HOW TO COMPLETE THIS TASK —
An exact copy, beginning at the line containing "A total of 3,175" and ending at the final line of the records that follow, is the answer; it has no pictures and no other text.

Start of TASK DATA

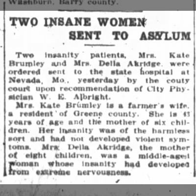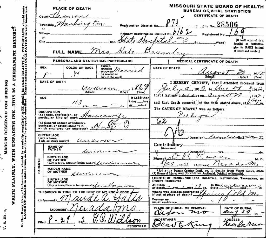 It was after 1910 that Nancy Katherine Cox Brumley probably began to suffer from Pellagra. Pellagra was a disease caused by the lack of the vitamin niacin (vitamin B3). Symptoms are inflamed skin, diarrhea, dementia, and sores in the mouth. This disease became so bad that and without a cure at the time or that they could afford, she was sent to the Nevada State Hospital in Nevada, Vernon, Missouri.
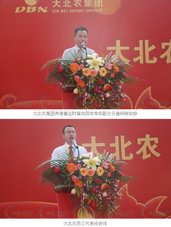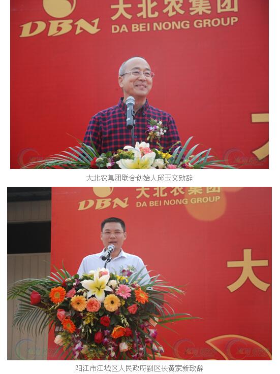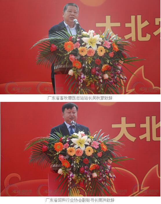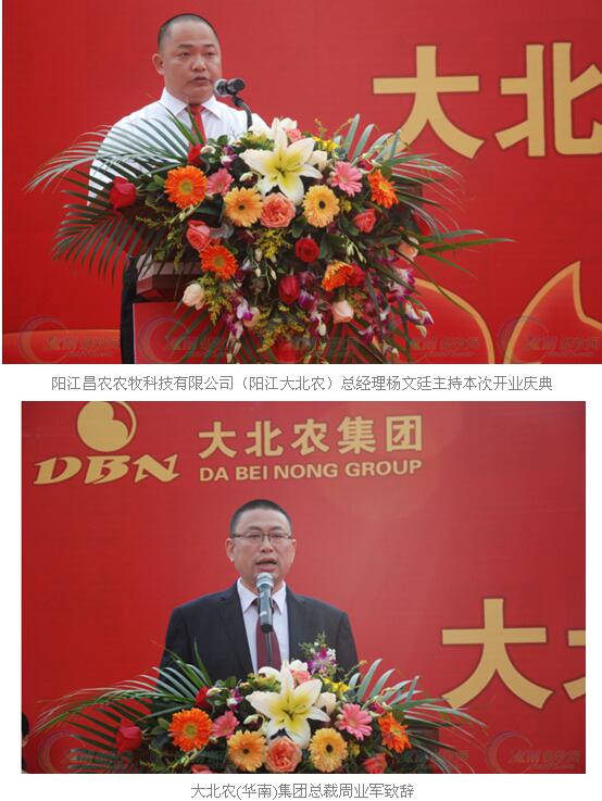 现场,包括大北农(华南)集团总裁周业军、大北农集团联合创始人邱玉文、阳江昌农农牧科技有限公司(阳江大北农)总经理杨文廷、阳江市江城区人民政府副区长黄家新、广东省畜牧兽医总站站长吴秋豪、广东省饲料行业协会副秘书长周洪、大北农集团养猪事业财富共同体常务副主任曾明转等领导、嘉宾出席开业庆典并致辞。
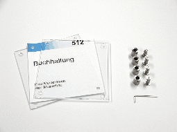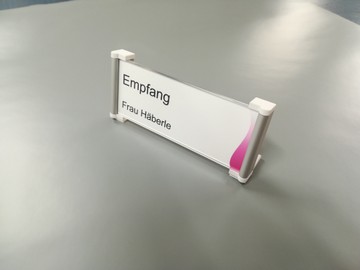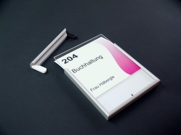 Zum Wechseln der Beschriftung öffnet man eine Leiste oder die Endstücke und nimmt die PMMA-Platte mit der Beschriftungseinlage heraus.
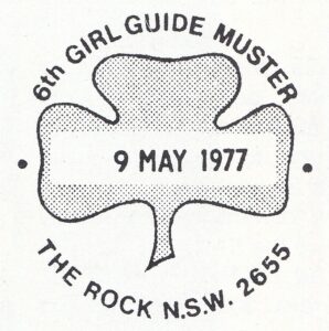 A total of 3,175 articles, including 159 registered were cancelled with a special postmarker provided at a temporary post office at The Rock Showgrounds, N.S.W., between 9th May to 15th May, 1977, for the Girl Guides State Muster.
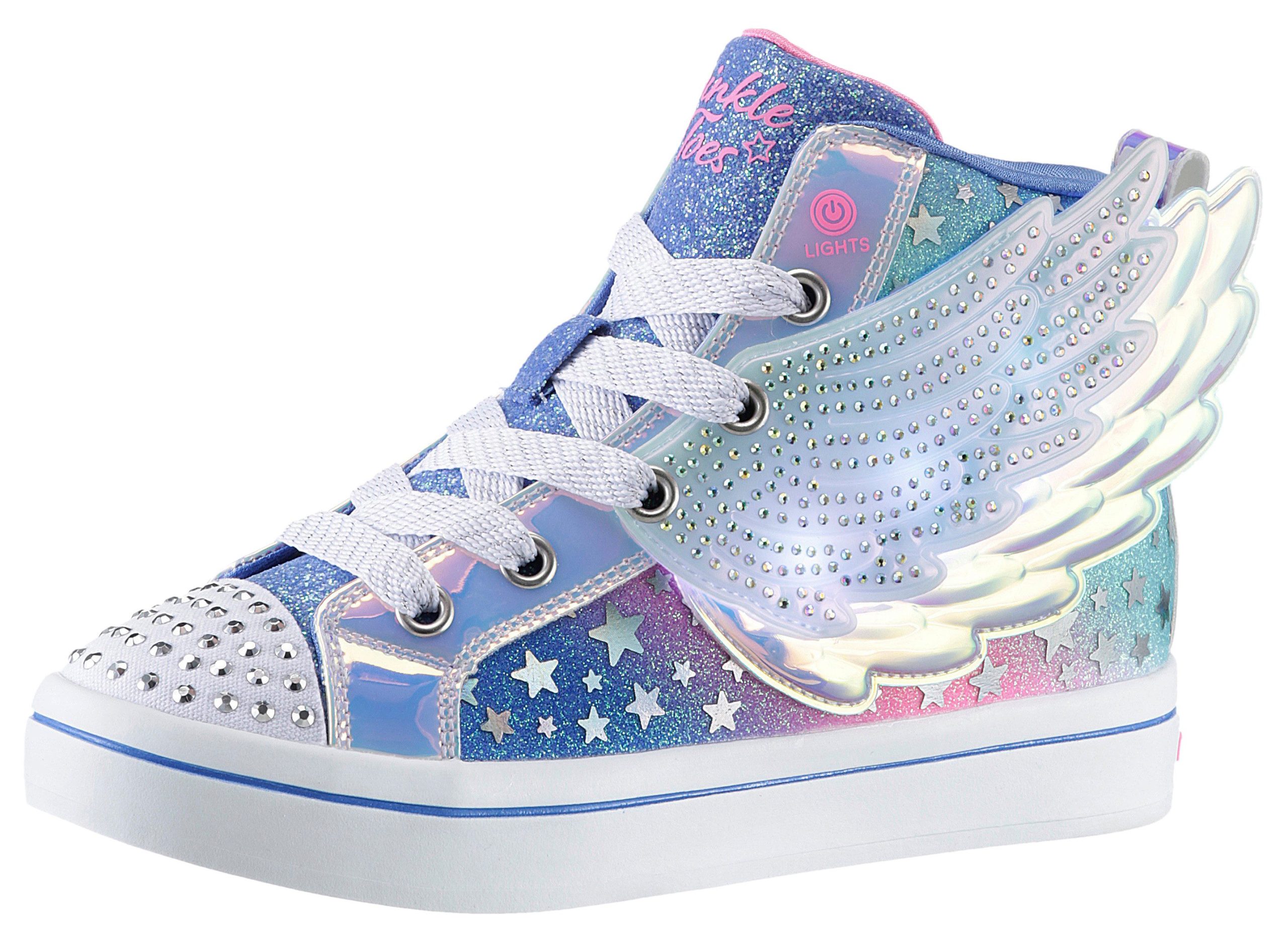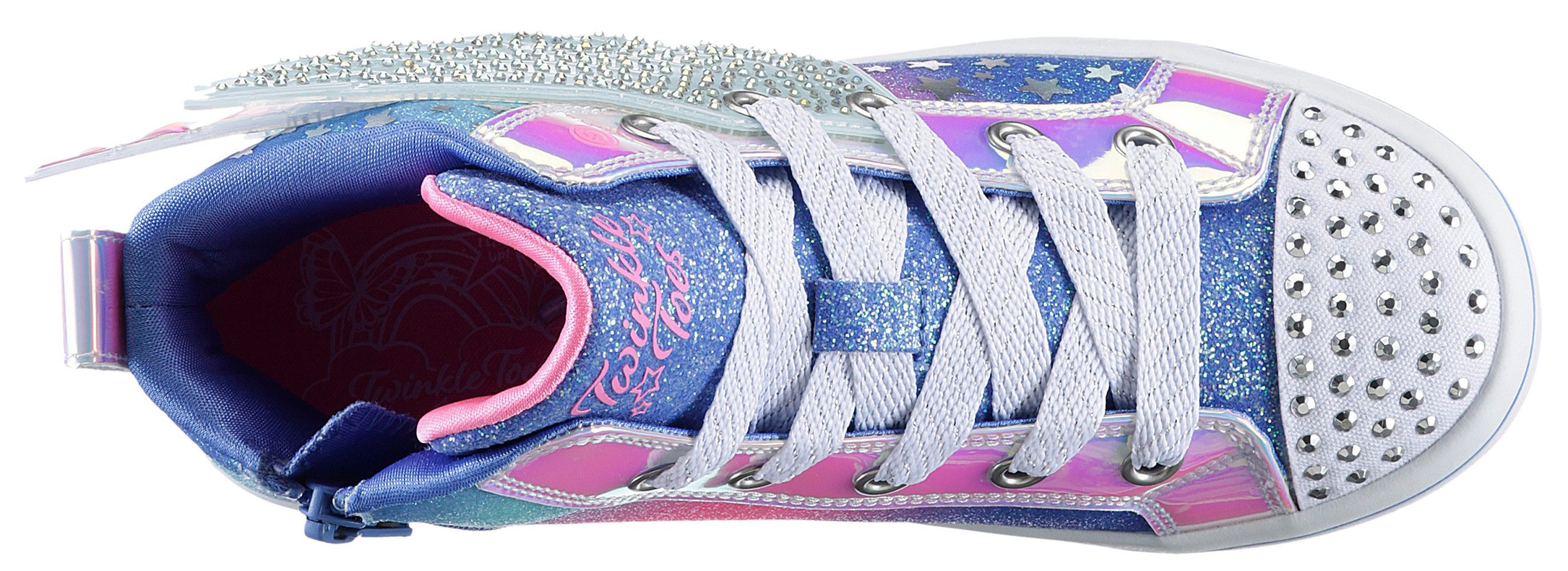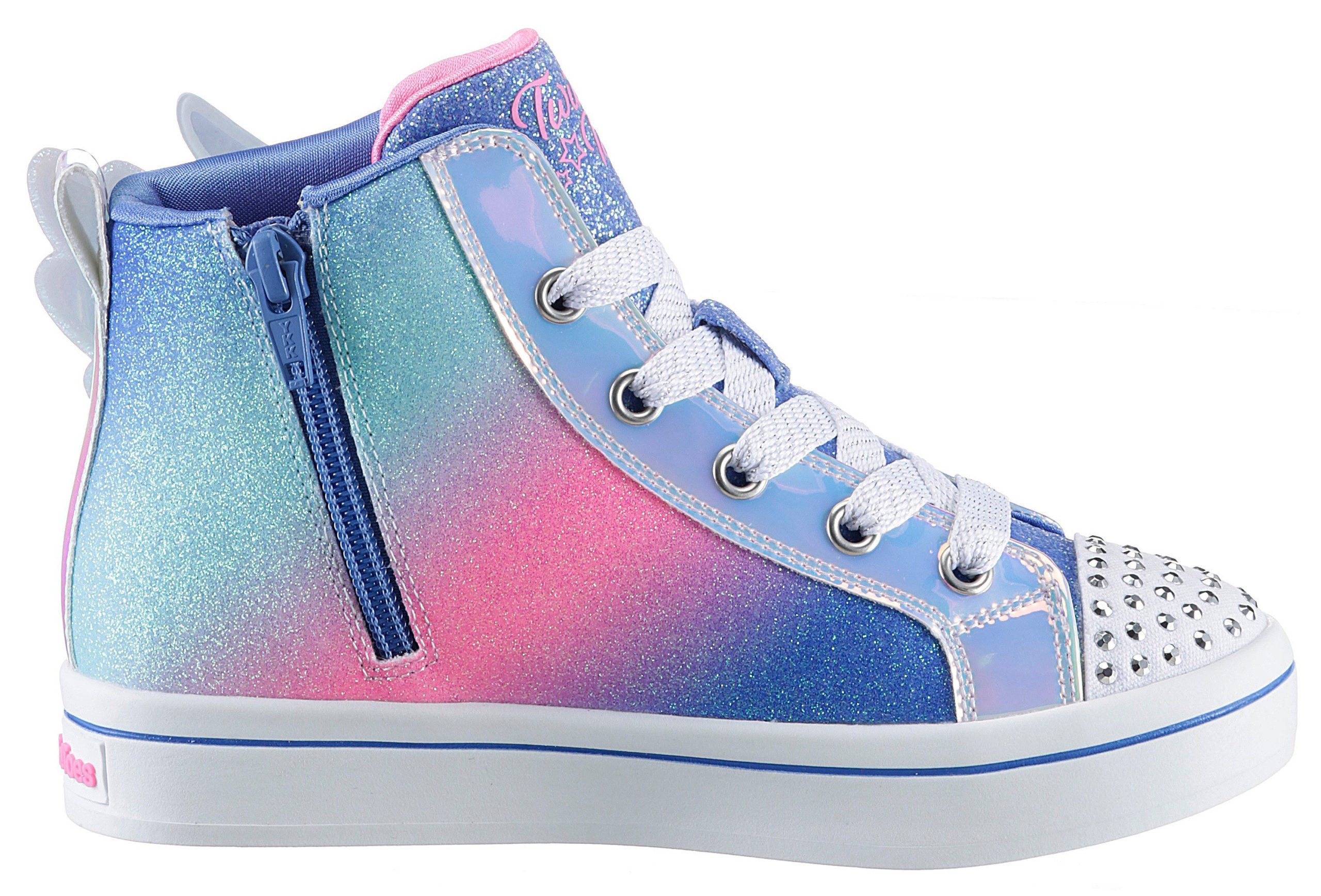 Description: Stilvollen Glanz und magischen Spaß gibt’s in den Skechers Twiinkle Toes®: Twi-Lites 2.0 – Dreamy Wings. Dieser knöchelhohe Schnürsneaker mit Leuchteffekt verfügt über ein Obermaterial aus Synthetik mit Glitzer-Finish und Flügel-Detail, einen Reißverschluss in der Mitte, eine gepolsterte Komfort-Innensehle und eine mit Strasssteinen verzierte Zehenkappe.
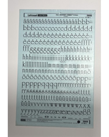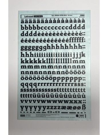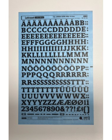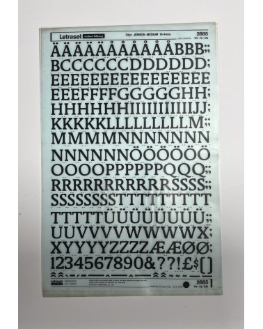 letraset-2885-JENSON MEDIUM-72pt : Letraset was a company known for manufacturing sheets of typefaces and other artwork elements using the dry-transfert lettering method. This dry rub down transfer technique was used by the punk movement because of its ease of manipulation and quality of the rendered layout. They could create designs independent from printers and publishers.
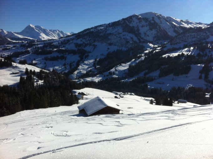 Vorwiegend Pulverschnee und ein bisschen Windharst. Unten hat die Sonne wohl Deckel für morgen vorbereitet.

End of TASK DATA

OUTPUT OF THE EXERCISE —
 A total of 3,175 articles, including 159 registered were cancelled with a special postmarker provided at a temporary post office at The Rock Showgrounds, N.S.W., between 9th May to 15th May, 1977, for the Girl Guides State Muster.
 Description: Stilvollen Glanz und magischen Spaß gibt’s in den Skechers Twiinkle Toes®: Twi-Lites 2.0 – Dreamy Wings. Dieser knöchelhohe Schnürsneaker mit Leuchteffekt verfügt über ein Obermaterial aus Synthetik mit Glitzer-Finish und Flügel-Detail, einen Reißverschluss in der Mitte, eine gepolsterte Komfort-Innensehle und eine mit Strasssteinen verzierte Zehenkappe.
 letraset-2885-JENSON MEDIUM-72pt : Letraset was a company known for manufacturing sheets of typefaces and other artwork elements using the dry-transfert lettering method. This dry rub down transfer technique was used by the punk movement because of its ease of manipulation and quality of the rendered layout. They could create designs independent from printers and publishers.
 Vorwiegend Pulverschnee und ein bisschen Windharst. Unten hat die Sonne wohl Deckel für morgen vorbereitet.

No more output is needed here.